Rebeca Omordia piano

RESONUS RES10372

This is a most rewarding issue from a leading advocate of Ireland’s piano scores, and one endorsed by the John Ireland Trust, who contributed to its production.

Notwithstanding classic recordings by Alan Rowlands, Eric Parkin and Daniel Adni, the standard collection of Ireland’s piano music is now Mark Bebbington’s four CDs on Somm. Rebeca Omordia, an academic, who has recently completed her doctoral thesis on this repertoire, has also collaborated with Bebbington.
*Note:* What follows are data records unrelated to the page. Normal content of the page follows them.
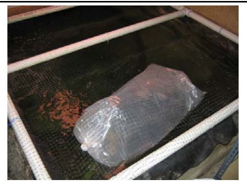
Always float the bag in your Q-Tank.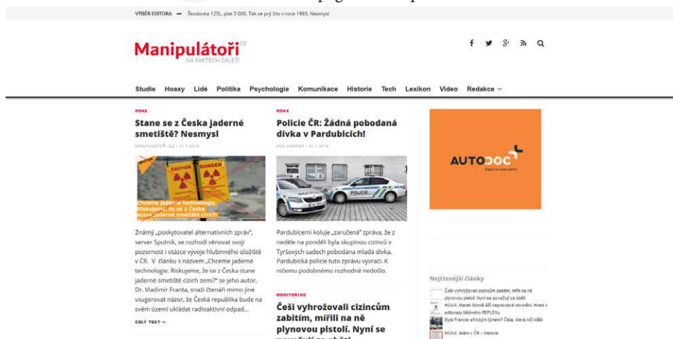
Photo 2. Home page of manipulatori.cz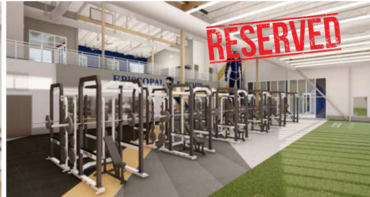
Main Strength Training and Conditioning Room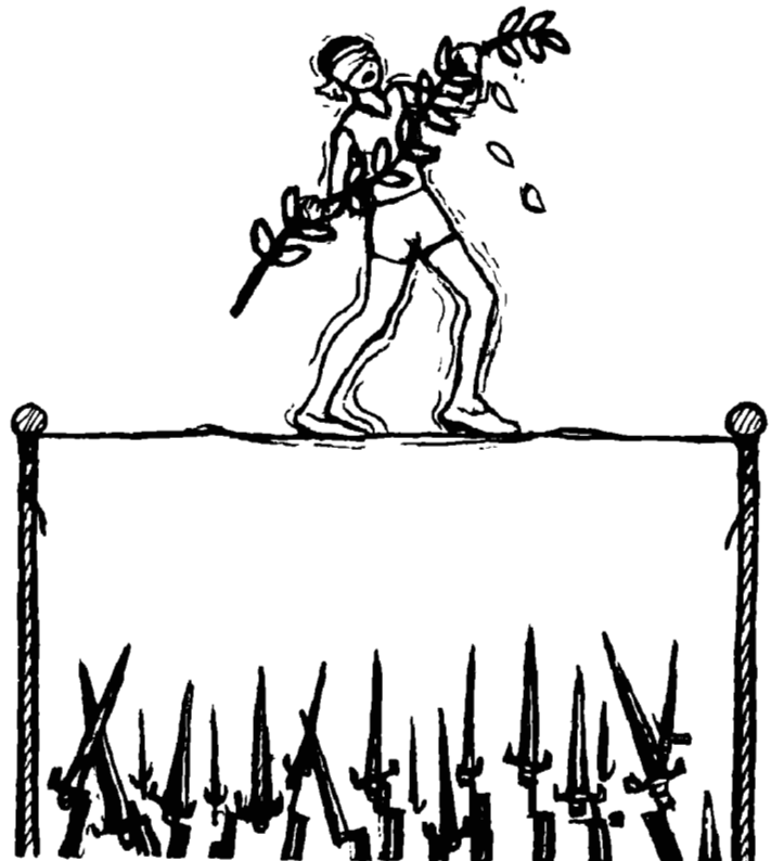
ILLUSTRATION BY PAUL MARCUS

The idea, of course, is to impress upon Palestinians, in as humiliating a way as possible, that Israel controls their economy. Likewise, their future political process. The Legislative Council of eighty-two people is to be elected next spring, al-

Her presentations of Ireland, which are by no means mere imitations, reveal fresh beauties in this remarkable music, although the differences in approach are occasionally most apparent. In the luxurious central movement of Ireland’s superb Sonata, marked Non troppo lento, Omordia’s sonorous account is nearly three minutes faster than Bebbington’s, and this necessarily results in a broader, but no less valid, exploration of its landscape. 

One of the stiffest tests for any Ireland pianist is The Scarlet Ceremonies, the coruscating finale of Decorations. For this reviewer, Adni’s clarity remains unsurpassed; but both Bebbington and Omordia find, in their slightly faster pacing, exactly the right improvisatory yet menacing heart of the piece. Omordia also employs more pedal, which surely aids the surmounting of Ireland’s fiendish right-hand figuration. The bubbling rivulets of Amberley Wild Brooks are a joy, the roulades of April are thrown off with confident delicacy, and there is a welcome spring to Bergomask, its curious half-ragtime companion. 
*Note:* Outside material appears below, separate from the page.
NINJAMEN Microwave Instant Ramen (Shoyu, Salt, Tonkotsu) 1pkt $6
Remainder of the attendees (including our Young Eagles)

Sarnia, Ireland’s homage to the mysticism of the Channel Islands, is a major work, completed after his rapid departure from Guernsey just before its invasion in 1940. Bebbington’s opening movement is poised and magical, but here Omordia is closer to Adni, summoning darker and more urgent sorcery through richly ominous tones.

We are in no doubt that something wicked this way comes, even if it is clothed in heavy velvet. Omordia also avoids the trap of self-indulgence in the gloriously enticing In a May Morning, relishing its opulence while preserving the lines. The closing Song of the Springtides, essentially a longer look at the shimmering sound-world of The Island Spell, has all the requisite foam-flecked imagery that may be drawn from Ireland’s added-note harmonies and thematic shapes. As a pendant to the recital, there is a fine and shapely performance of the stand-alone Columbine

The disc was recorded in the warm and natural acoustic of Potton Hall Suffolk, and the informative and well-presented booklet is well up to standard. A highly recommended issue, and an excellent introduction to Ireland’s oeuvre.